8 Working with multiple tables in dplyr
All the dplyr
functions we have looked at so far work on a single data frame.
This chapter introduces joins, which work on a pair of data frames with at least one identifying variable in common, and the bind_*
functions which bind two or more data frames together.
8.1 Merging data frames with mutating joins
Mutating joins combine two data frames by matching rows according to one or more identifying variables that are in both data frames.
The most commonly used mutating join is a left join. Left joins take all rows from the first data set, and the rows from the second data frame where the values of the identifying variable match the first (Fig. 8.1).
If there are duplicate values in the identifying column, this (Fig. 8.2) causes the matching rows to be duplicated. If the number of rows in the result increases when you were not expecting it, that can indicate that your identifier are not unique.
Left joins are implemented in dplyr
with left_join()
.
Let use left_join()
to add the location of each island to the penguin data set.
# location of the three islands in the Palmer Archipelago
penguin_islands <- tribble(
~ island, ~ Latitude, ~ Longitude, # tribble is a convenient way to make small datasets
"Torgersen", -64.766667,-64.083333,
"Biscoe", -64.818569, -63.775636,
#"Dream", -64.733333, -64.233333, # Dream data missing
"Alpha", -64.316667, -63)
penguin_islands
## # A tibble: 3 × 3
## island Latitude Longitude
## <chr> <dbl> <dbl>
## 1 Torgersen -64.8 -64.1
## 2 Biscoe -64.8 -63.8
## 3 Alpha -64.3 -63
The first two arguments to left_join()
are the data frames, the third is the by
argument which tells the join which column to make the join by.
Here, we are joining by a single column with the same name in both data frames.
It is possible to join by multiple columns and where the columns have different names in each dataset.
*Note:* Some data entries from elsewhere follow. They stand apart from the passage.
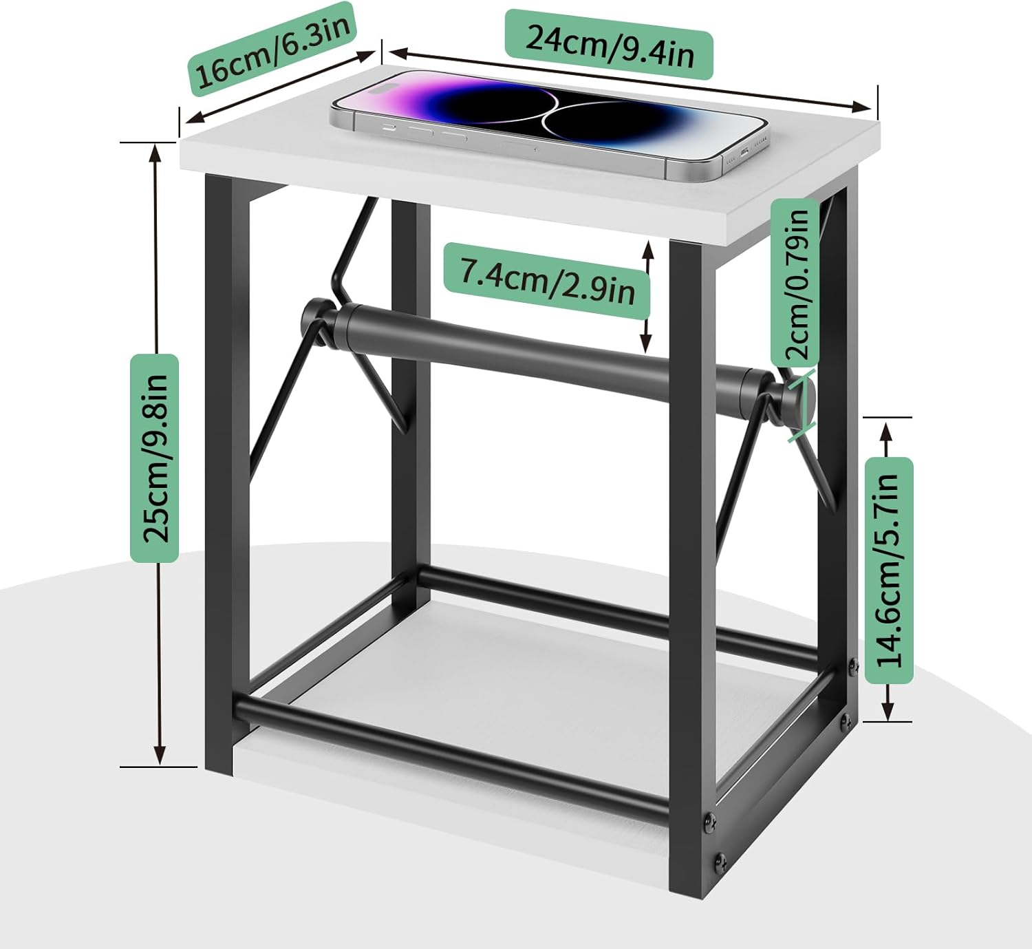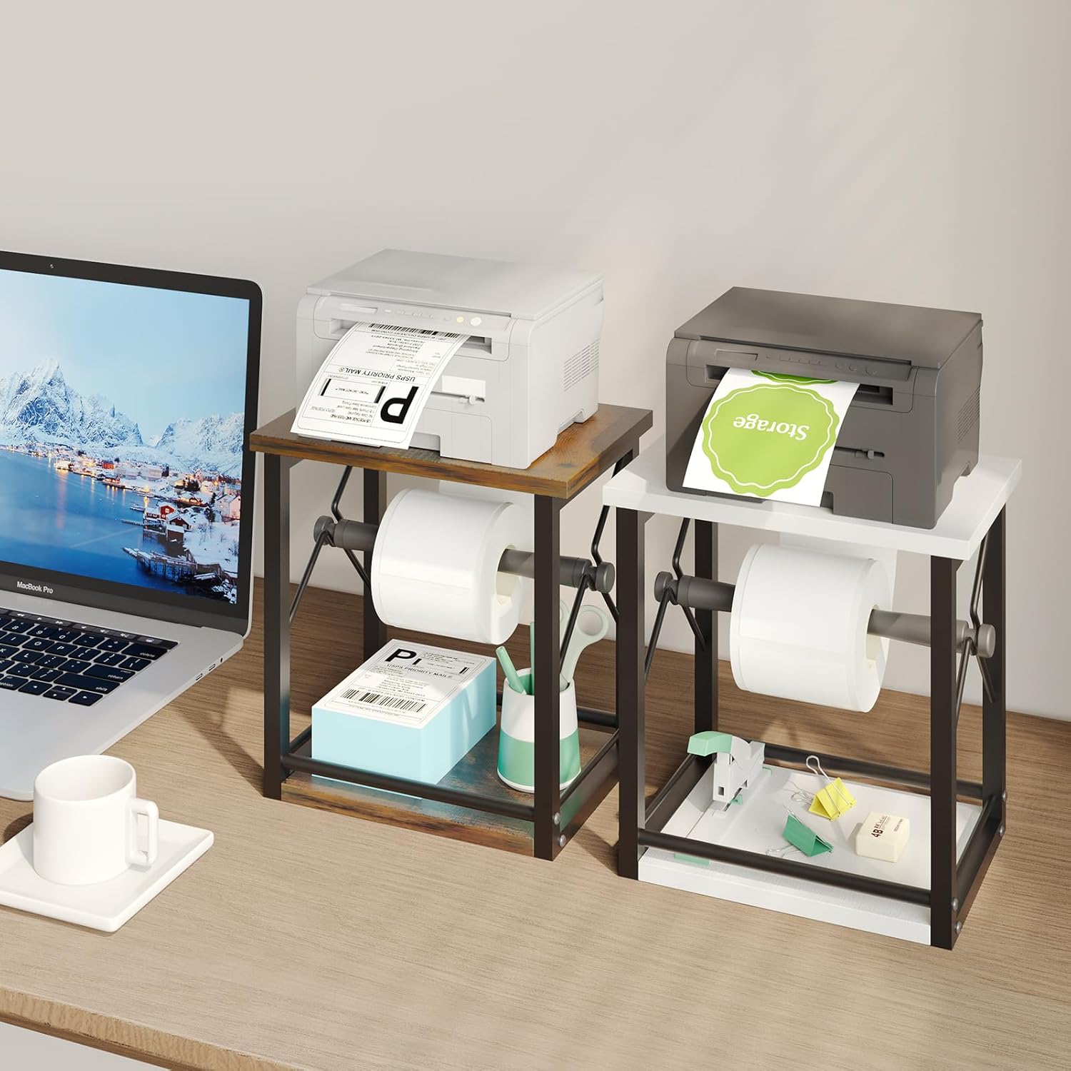 - ăCompact Double-Layer Space SaverăSave up to 70% desk space with this vertical design thatâs ideal for small business label printer setups and desktop home office printer organizer needs. Declutter Your desk instantly with this elegant printer stand for labels in a bright white finish.
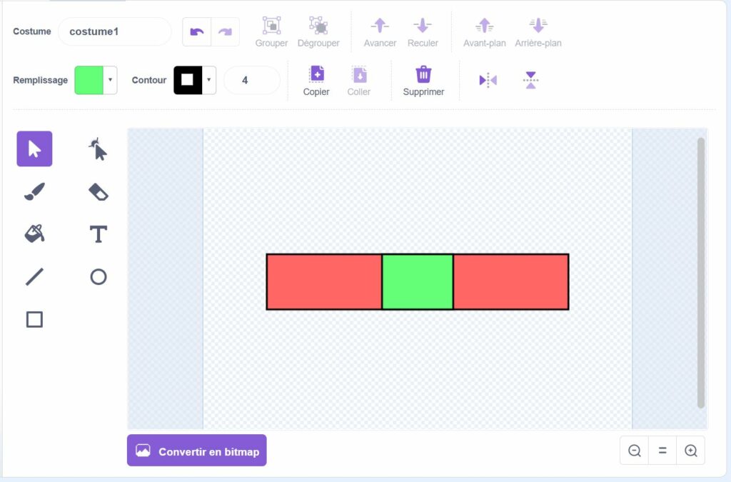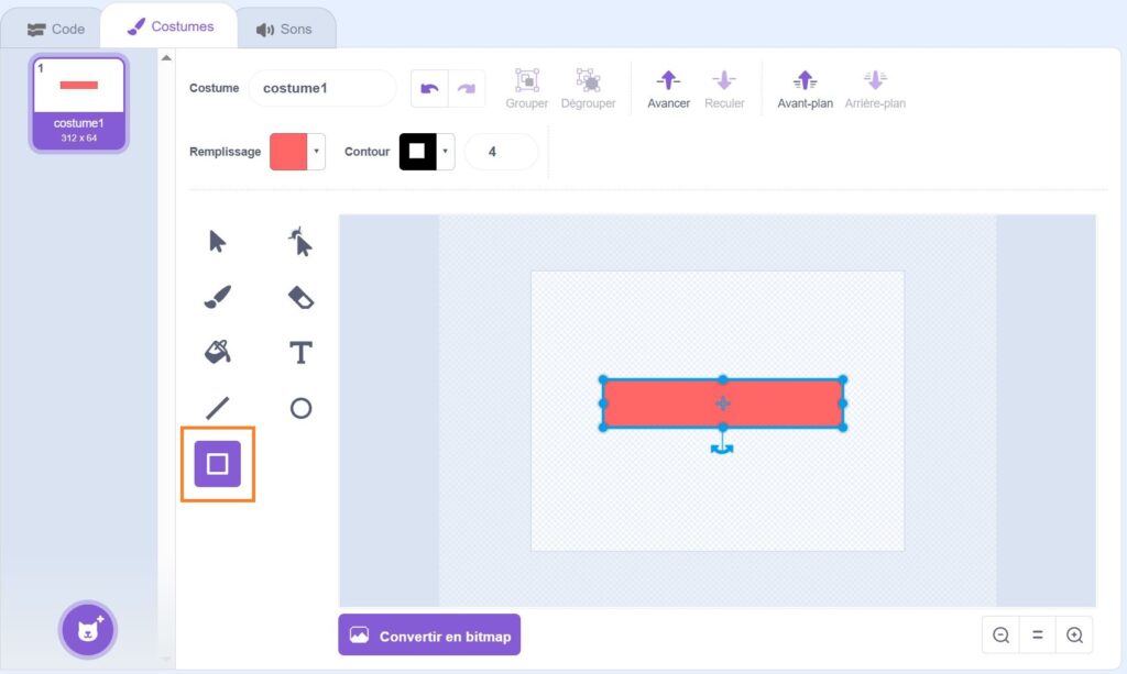 Clique sur “Peindre un nouveau sprite” pour créer la barre.
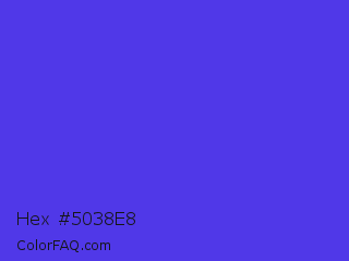 Hex #5038e8 Color is a normal indigo color and the nearest color is Majorelle Blue #6050dc. Hex code #5038e8 and RGB value is rgb(80,56,232). In RGB color space, this color is composed of 31% red, 22% green, 91% blue, In CMYK color space, this color is composed of 66% cyan, 76% magenta, 0% yellow , 9% black , In HSL color space, this color has a hue angle of 248° , 79% saturation and 56% lightness.
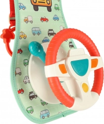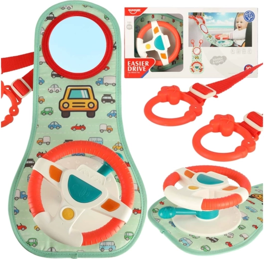 Ez az interaktív autós kormánykerék, melyet úgy terveztek, hogy szórakoztassa gyermekét az utazás során, tartalmaz egy színes panelt kormánykerékkel és egy biztonságos tükörrel. Négy gombot és érzékeli karját kínál, amelyek hangokat és színes fényeket biztosítanak, serkentik a gyermek fantáziáját és érzékeit.
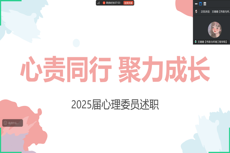 为进一步夯实公司心理健康教育工作根基,完善“校-院-班-寝”四级心理防护体系,切实发挥心理委员朋辈帮扶核心作用,掌握工作方法,提升工作成效,1月27日,公司以腾讯会议形式召开2025年度心理委员述职会议。公司党委副书记田永果、辅导员王璐璐及各班心理委员参加本次会议。
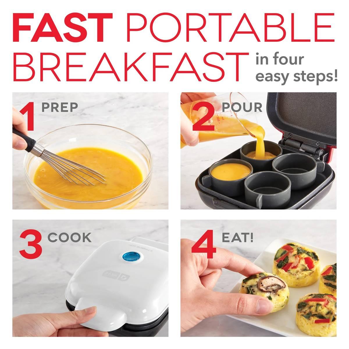 Prepare flavorful egg bites at home with the Dash Egg Bite Maker! Perfect for a healthy, protein-packed lifestyle, simply whisk eggs, add your toppings, and cook — egg bites are ready in as little as 10 minutes! Make four egg bites at once with the Egg Bite Maker’s four Silicone Cups, designed to release easily for the perfect shape every time. Our included recipe guide includes a variety of different recipes, so that you’ll easily make delicious egg bites that are great for meal prep, freezing for later, or breakfasts on the go! The PTFE nonstick makes cooking and cleaning easy.This product contains (Este producto contiene) Aluminum, Phenol, PFAS (PTFE, PFA, FEP, used for nonstick properties), N-methylpyrrolidone,and Carbon black (airborne, unbound particles of respirable size). For more information on PFAS or chemicals in this product, visit (Para obtener mas informacion sobre PFAS o productos quimicos en este producto, visite) https://bydash.com/pages/ab1200
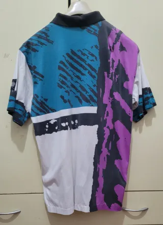 Maglia polo Nike da uomo, modello Andre Agassi Challenge Court. Mi si è staccata l'etichetta nell uso - Design colorato con pannelli astratti. - Logo Nike ricamato sul petto. - Colletto classico con chiusura a bottoni.
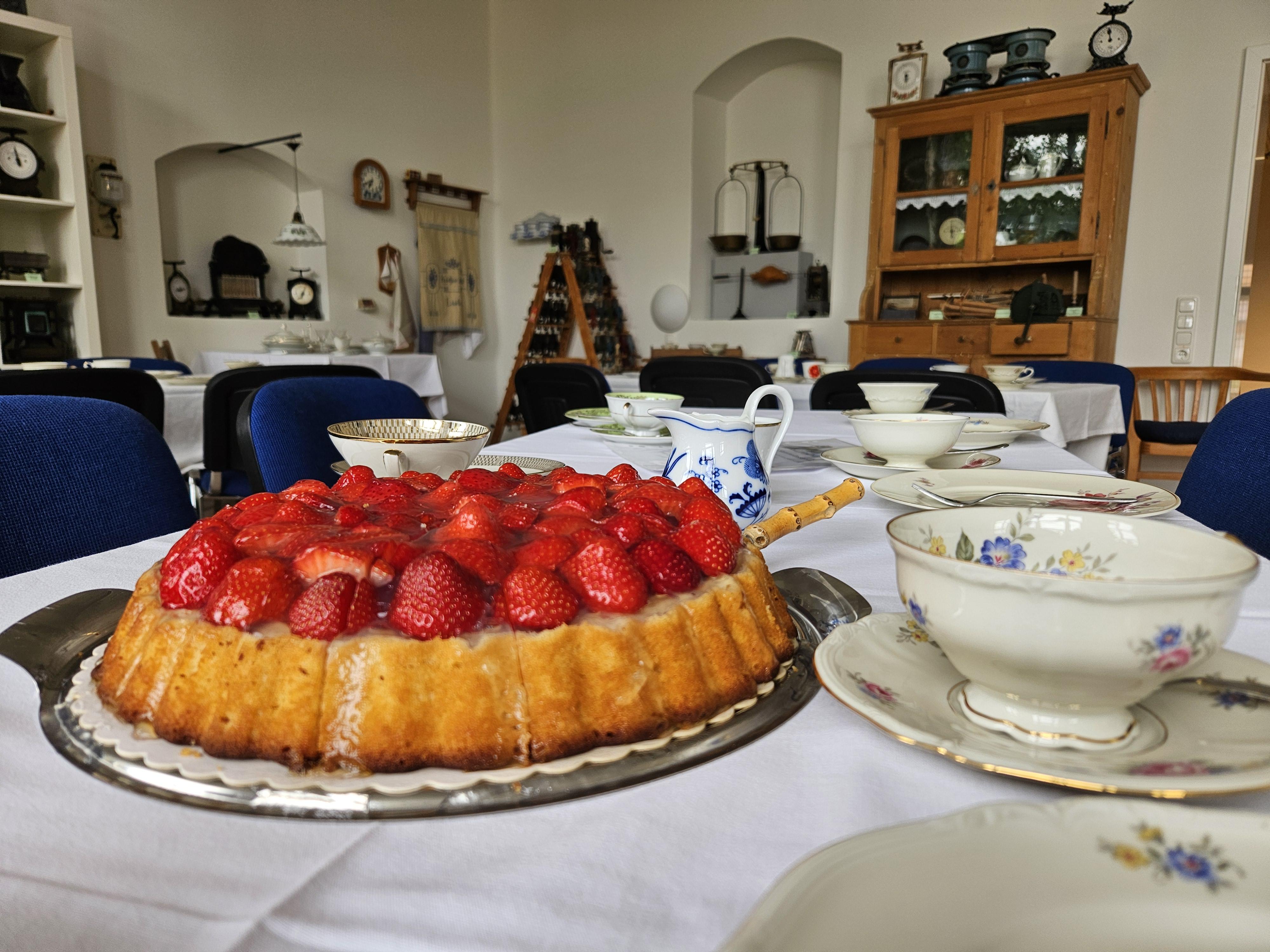Kaffee aus der Sammeltasse und selbstgemachter Kuchen, serviert auf passendem Gedeck, sorgen für eine gemütliche Atmosphäre. Dazu gibt es reichlich Gelegenheit für Austausch und Gespräche – während des Rundgangs oder beim anschließenden Verweilen. So wird Ihr Museumsbesuch zu einem rundum gelungenen Nachmittag.

penguin_small <- penguins |>
group_by(species) |>
slice(1:2) # small version of data for easy viewing
left_join(penguin_small, penguin_islands, by = "island")
## # A tibble: 6 × 10
## # Groups: species [3]
## species island bill_length_mm bill_depth_mm flipper_length_… body_mass_g sex
## <fct> <chr> <dbl> <dbl> <int> <int> <fct>
## 1 Adelie Torge… 39.1 18.7 181 3750 male
## 2 Adelie Torge… 39.5 17.4 186 3800 fema…
## 3 Chinst… Dream 46.5 17.9 192 3500 fema…
## 4 Chinst… Dream 50 19.5 196 3900 male
## 5 Gentoo Biscoe 46.1 13.2 211 4500 fema…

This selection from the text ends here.